#### [ASSIGNMENT]
Below is a block of records; repeat all of them exactly.
☆ ☆ ☆ ☆ ☆
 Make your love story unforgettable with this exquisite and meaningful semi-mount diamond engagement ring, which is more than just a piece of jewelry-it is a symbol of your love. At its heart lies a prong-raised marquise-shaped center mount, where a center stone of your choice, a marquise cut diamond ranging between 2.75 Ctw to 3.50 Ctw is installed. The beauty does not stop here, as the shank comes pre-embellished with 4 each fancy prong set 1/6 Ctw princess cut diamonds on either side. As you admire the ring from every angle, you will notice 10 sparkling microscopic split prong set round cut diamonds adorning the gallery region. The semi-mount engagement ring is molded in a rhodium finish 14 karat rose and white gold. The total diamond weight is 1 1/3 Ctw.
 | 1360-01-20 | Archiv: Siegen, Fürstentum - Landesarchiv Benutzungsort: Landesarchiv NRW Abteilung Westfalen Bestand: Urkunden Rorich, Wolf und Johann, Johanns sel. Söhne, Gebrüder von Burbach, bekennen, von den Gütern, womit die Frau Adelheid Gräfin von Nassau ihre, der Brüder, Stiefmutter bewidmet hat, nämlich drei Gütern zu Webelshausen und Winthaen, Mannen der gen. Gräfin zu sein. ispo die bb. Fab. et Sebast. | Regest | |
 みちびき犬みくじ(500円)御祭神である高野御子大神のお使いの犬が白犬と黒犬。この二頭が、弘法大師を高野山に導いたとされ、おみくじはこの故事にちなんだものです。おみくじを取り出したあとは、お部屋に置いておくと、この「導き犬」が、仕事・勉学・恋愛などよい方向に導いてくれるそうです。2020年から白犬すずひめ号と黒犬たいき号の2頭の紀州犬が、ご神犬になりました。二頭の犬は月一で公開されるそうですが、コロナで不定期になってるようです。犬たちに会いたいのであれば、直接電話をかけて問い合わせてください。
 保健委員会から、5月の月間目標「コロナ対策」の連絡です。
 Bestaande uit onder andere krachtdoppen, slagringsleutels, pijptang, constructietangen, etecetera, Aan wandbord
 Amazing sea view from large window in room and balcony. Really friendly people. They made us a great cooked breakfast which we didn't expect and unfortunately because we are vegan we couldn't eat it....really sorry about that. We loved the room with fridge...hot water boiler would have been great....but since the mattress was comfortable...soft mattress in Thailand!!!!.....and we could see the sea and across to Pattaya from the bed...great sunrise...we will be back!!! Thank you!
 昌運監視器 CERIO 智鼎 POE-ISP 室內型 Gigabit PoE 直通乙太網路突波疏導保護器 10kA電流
☆ ☆ ☆ ☆ ☆
#### [EXERCISE ANSWER]
 Make your love story unforgettable with this exquisite and meaningful semi-mount diamond engagement ring, which is more than just a piece of jewelry-it is a symbol of your love. At its heart lies a prong-raised marquise-shaped center mount, where a center stone of your choice, a marquise cut diamond ranging between 2.75 Ctw to 3.50 Ctw is installed. The beauty does not stop here, as the shank comes pre-embellished with 4 each fancy prong set 1/6 Ctw princess cut diamonds on either side. As you admire the ring from every angle, you will notice 10 sparkling microscopic split prong set round cut diamonds adorning the gallery region. The semi-mount engagement ring is molded in a rhodium finish 14 karat rose and white gold. The total diamond weight is 1 1/3 Ctw.
 | 1360-01-20 | Archiv: Siegen, Fürstentum - Landesarchiv Benutzungsort: Landesarchiv NRW Abteilung Westfalen Bestand: Urkunden Rorich, Wolf und Johann, Johanns sel. Söhne, Gebrüder von Burbach, bekennen, von den Gütern, womit die Frau Adelheid Gräfin von Nassau ihre, der Brüder, Stiefmutter bewidmet hat, nämlich drei Gütern zu Webelshausen und Winthaen, Mannen der gen. Gräfin zu sein. ispo die bb. Fab. et Sebast. | Regest | |
 みちびき犬みくじ(500円)御祭神である高野御子大神のお使いの犬が白犬と黒犬。この二頭が、弘法大師を高野山に導いたとされ、おみくじはこの故事にちなんだものです。おみくじを取り出したあとは、お部屋に置いておくと、この「導き犬」が、仕事・勉学・恋愛などよい方向に導いてくれるそうです。2020年から白犬すずひめ号と黒犬たいき号の2頭の紀州犬が、ご神犬になりました。二頭の犬は月一で公開されるそうですが、コロナで不定期になってるようです。犬たちに会いたいのであれば、直接電話をかけて問い合わせてください。
 保健委員会から、5月の月間目標「コロナ対策」の連絡です。
 Bestaande uit onder andere krachtdoppen, slagringsleutels, pijptang, constructietangen, etecetera, Aan wandbord
 Amazing sea view from large window in room and balcony. Really friendly people. They made us a great cooked breakfast which we didn't expect and unfortunately because we are vegan we couldn't eat it....really sorry about that. We loved the room with fridge...hot water boiler would have been great....but since the mattress was comfortable...soft mattress in Thailand!!!!.....and we could see the sea and across to Pattaya from the bed...great sunrise...we will be back!!! Thank you!
 昌運監視器 CERIO 智鼎 POE-ISP 室內型 Gigabit PoE 直通乙太網路突波疏導保護器 10kA電流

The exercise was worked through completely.